WHAT YOU SHOULD DO: The part below that opens with the line containing "obra social provincial." and closes with the line containing "为了让同学们更好地了解行业发" should be copied exactly, minus any pictures.

DATA SEGMENT:
= Beginning of Section =

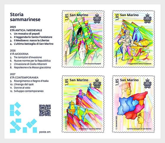 The set of four stamps, displayed on a 122 x 106 mm collector's stamp cover, depicts the Sanctuary of Tanaccia on Mount Titano, Saint Marino the stonemason, three ancient towers and the territorial expansion after the Treaty of Fossombrone. Each stamp shows the following information: the face value “1.85”, “San Marino”, the Coat of Arms of the Republic, a legend, the name of the designer and the year 2025. On the right side of the collector's stamp cover, at the top, is the legend “Storia Sammarinese” with a list of all four stamp themes for 2025, along with the RSM logo, the website of the San Marino Post Office (poste.sm) and a QR code.
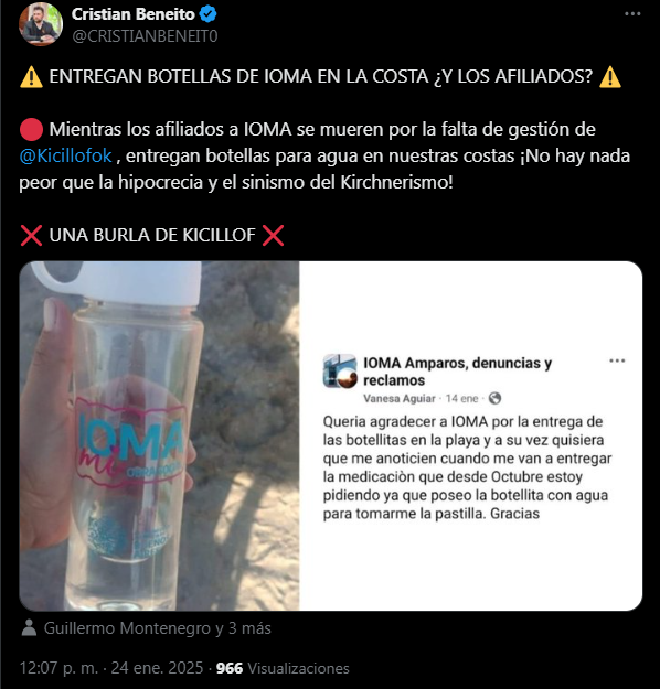 «Mientras los afiliados a IOMA se mueren por la falta de gestión de Kicillof, entregan botellas para agua en nuestras costas. ¡No hay nada peor que la hipocresía y el cinismo del Kirchnerismo!», escribió Beneito, sumando un nuevo capítulo a su serie de denuncias sobre la crisis en la obra social provincial.
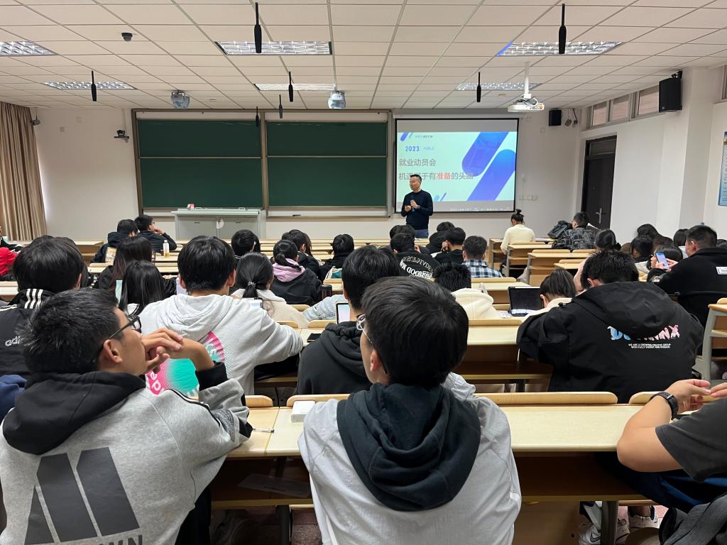 为了让同学们更好地了解行业发展,做好个人学业、职业规划,11月23日下午,应信息工程学院邀请,888集团6008校友、南京艾瑞集团负责人徐彬在我校仙林校区德正楼209教室作了《机会属于有准备的头脑》IT行业分析专题讲座,本次讲座由学工办主任、辅导员张媛媛老师主持,软件2101班与物联网2101班全体学生参加。
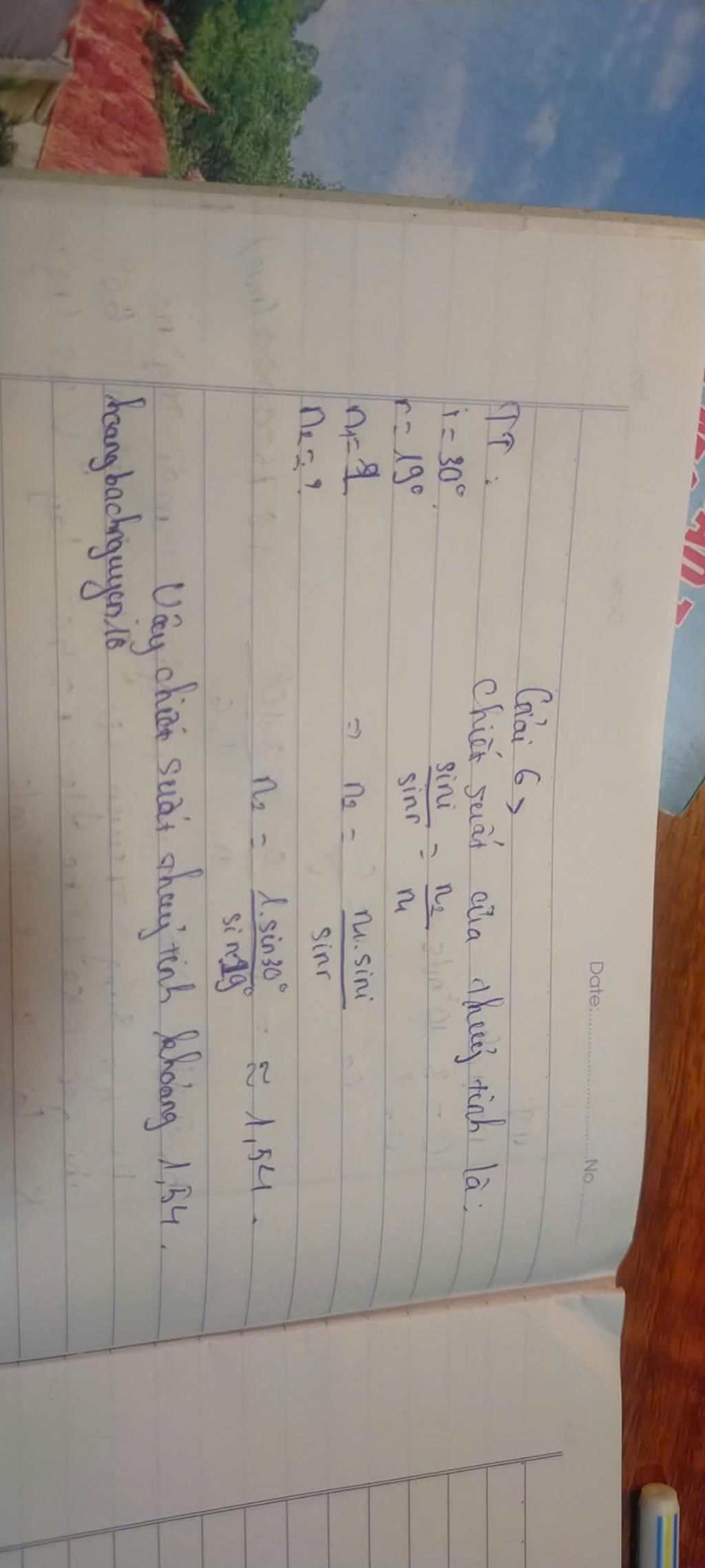 `(sini)/(sinr)=(n_2)/(n_1)<=> (sin30^o)/(sin19^o)=(n_2)/1 `

= End of Section =

ANSWER AREA:
 «Mientras los afiliados a IOMA se mueren por la falta de gestión de Kicillof, entregan botellas para agua en nuestras costas. ¡No hay nada peor que la hipocresía y el cinismo del Kirchnerismo!», escribió Beneito, sumando un nuevo capítulo a su serie de denuncias sobre la crisis en la obra social provincial.
 为了让同学们更好地了解行业发展,做好个人学业、职业规划,11月23日下午,应信息工程学院邀请,888集团6008校友、南京艾瑞集团负责人徐彬在我校仙林校区德正楼209教室作了《机会属于有准备的头脑》IT行业分析专题讲座,本次讲座由学工办主任、辅导员张媛媛老师主持,软件2101班与物联网2101班全体学生参加。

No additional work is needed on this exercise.